Dataset items
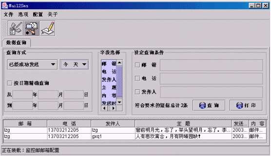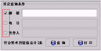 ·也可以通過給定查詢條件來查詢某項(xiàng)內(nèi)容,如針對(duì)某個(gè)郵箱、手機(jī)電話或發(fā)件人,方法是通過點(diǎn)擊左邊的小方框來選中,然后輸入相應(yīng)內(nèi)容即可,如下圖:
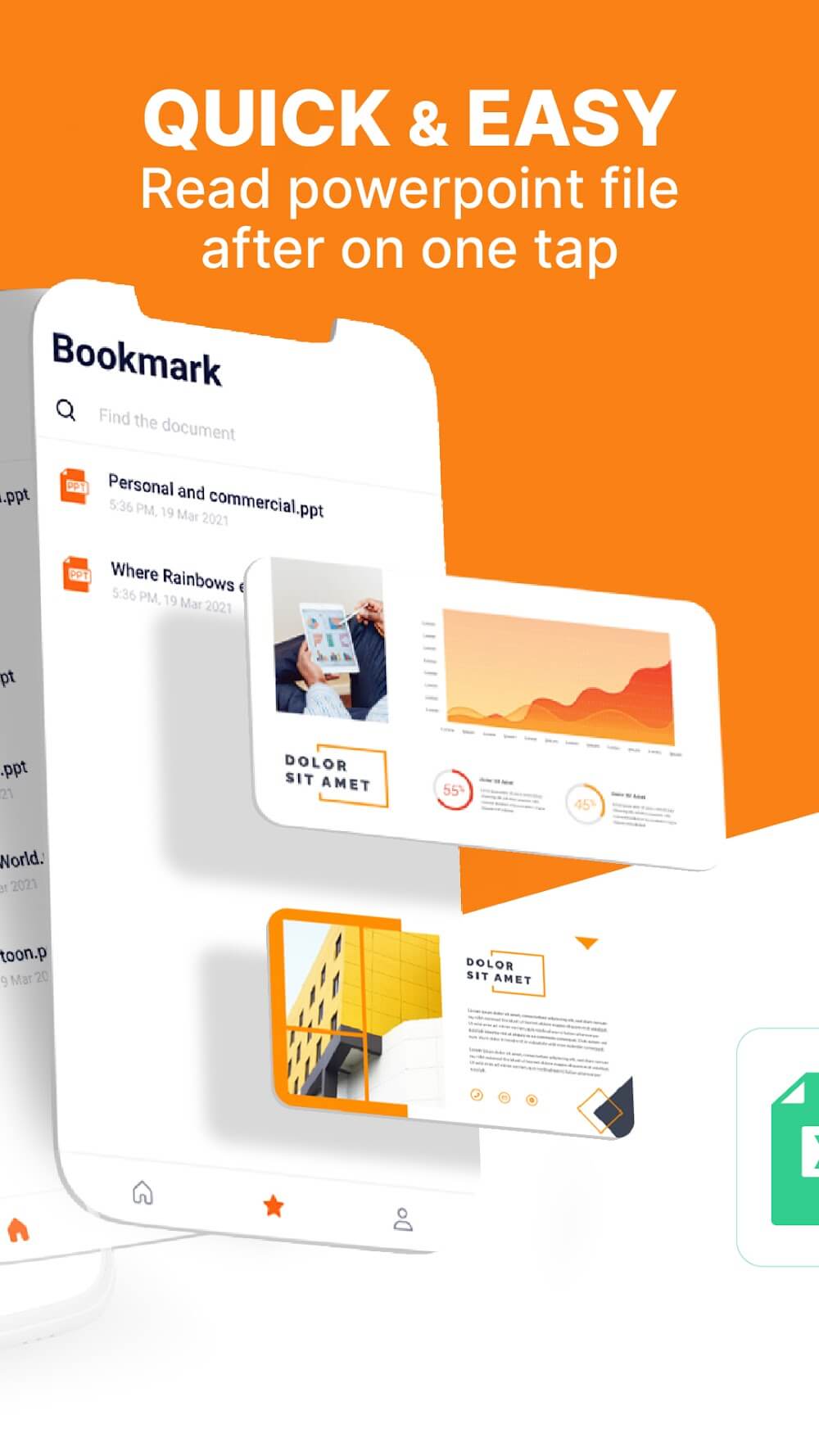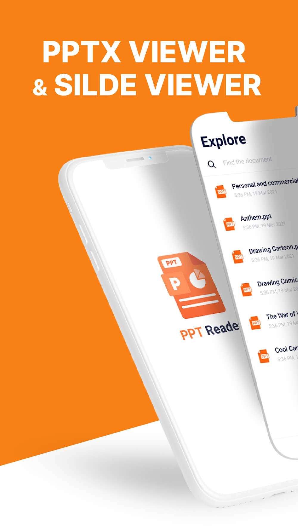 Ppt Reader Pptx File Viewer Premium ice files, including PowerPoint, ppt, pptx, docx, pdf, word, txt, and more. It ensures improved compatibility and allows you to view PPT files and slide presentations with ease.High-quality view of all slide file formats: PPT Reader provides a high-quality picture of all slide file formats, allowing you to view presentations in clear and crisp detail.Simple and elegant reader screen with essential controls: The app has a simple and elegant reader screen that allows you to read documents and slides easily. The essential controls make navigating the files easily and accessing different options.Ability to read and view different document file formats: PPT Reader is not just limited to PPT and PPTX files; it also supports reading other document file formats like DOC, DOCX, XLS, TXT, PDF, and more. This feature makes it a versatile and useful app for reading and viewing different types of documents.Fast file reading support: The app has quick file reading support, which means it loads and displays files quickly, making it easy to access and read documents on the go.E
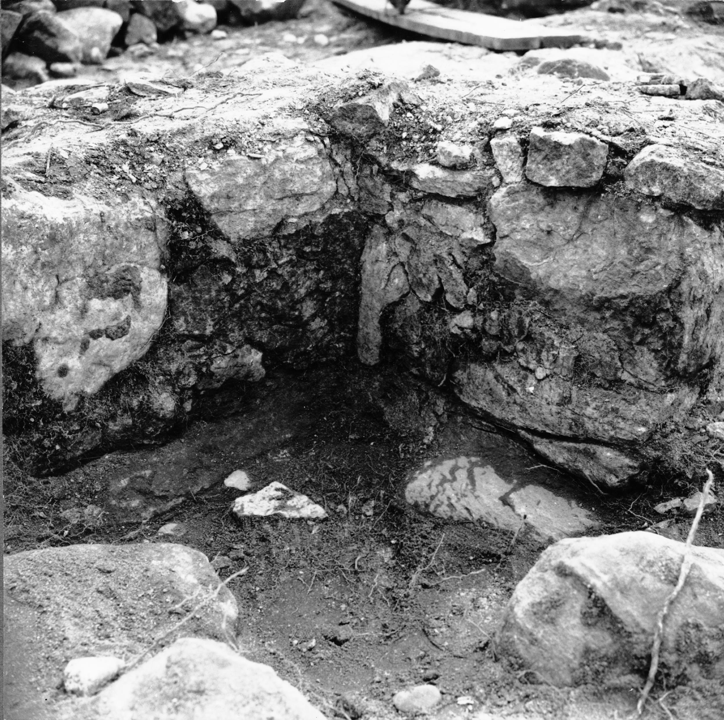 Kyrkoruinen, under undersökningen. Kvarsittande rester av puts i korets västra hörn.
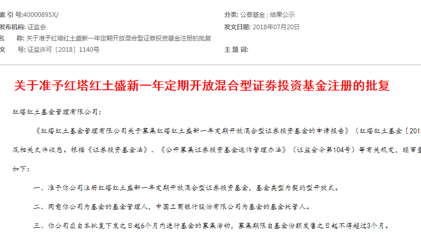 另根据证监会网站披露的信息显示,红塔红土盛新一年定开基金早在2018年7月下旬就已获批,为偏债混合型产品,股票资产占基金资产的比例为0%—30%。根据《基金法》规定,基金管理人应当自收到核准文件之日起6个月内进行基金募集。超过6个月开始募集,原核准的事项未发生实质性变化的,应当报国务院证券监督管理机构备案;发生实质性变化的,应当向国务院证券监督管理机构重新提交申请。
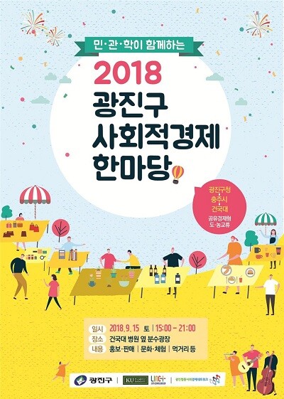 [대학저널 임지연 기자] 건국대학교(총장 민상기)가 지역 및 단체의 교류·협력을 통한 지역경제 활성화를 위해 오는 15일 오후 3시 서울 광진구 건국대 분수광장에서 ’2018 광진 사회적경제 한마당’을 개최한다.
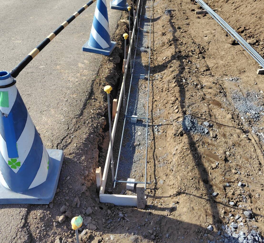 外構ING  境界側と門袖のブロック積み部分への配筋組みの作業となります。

**PROBLEM REQUIREMENTS**
Pictures are to be excluded; the records themselves are to be reproduced exactly.

**RESULT OF THIS TASK**
 ·也可以通過給定查詢條件來查詢某項(xiàng)內(nèi)容,如針對(duì)某個(gè)郵箱、手機(jī)電話或發(fā)件人,方法是通過點(diǎn)擊左邊的小方框來選中,然后輸入相應(yīng)內(nèi)容即可,如下圖:
 Ppt Reader Pptx File Viewer Premium ice files, including PowerPoint, ppt, pptx, docx, pdf, word, txt, and more. It ensures improved compatibility and allows you to view PPT files and slide presentations with ease.High-quality view of all slide file formats: PPT Reader provides a high-quality picture of all slide file formats, allowing you to view presentations in clear and crisp detail.Simple and elegant reader screen with essential controls: The app has a simple and elegant reader screen that allows you to read documents and slides easily. The essential controls make navigating the files easily and accessing different options.Ability to read and view different document file formats: PPT Reader is not just limited to PPT and PPTX files; it also supports reading other document file formats like DOC, DOCX, XLS, TXT, PDF, and more. This feature makes it a versatile and useful app for reading and viewing different types of documents.Fast file reading support: The app has quick file reading support, which means it loads and displays files quickly, making it easy to access and read documents on the go.E
 Kyrkoruinen, under undersökningen. Kvarsittande rester av puts i korets västra hörn.
 另根据证监会网站披露的信息显示,红塔红土盛新一年定开基金早在2018年7月下旬就已获批,为偏债混合型产品,股票资产占基金资产的比例为0%—30%。根据《基金法》规定,基金管理人应当自收到核准文件之日起6个月内进行基金募集。超过6个月开始募集,原核准的事项未发生实质性变化的,应当报国务院证券监督管理机构备案;发生实质性变化的,应当向国务院证券监督管理机构重新提交申请。
 [대학저널 임지연 기자] 건국대학교(총장 민상기)가 지역 및 단체의 교류·협력을 통한 지역경제 활성화를 위해 오는 15일 오후 3시 서울 광진구 건국대 분수광장에서 ’2018 광진 사회적경제 한마당’을 개최한다.
 外構ING  境界側と門袖のブロック積み部分への配筋組みの作業となります。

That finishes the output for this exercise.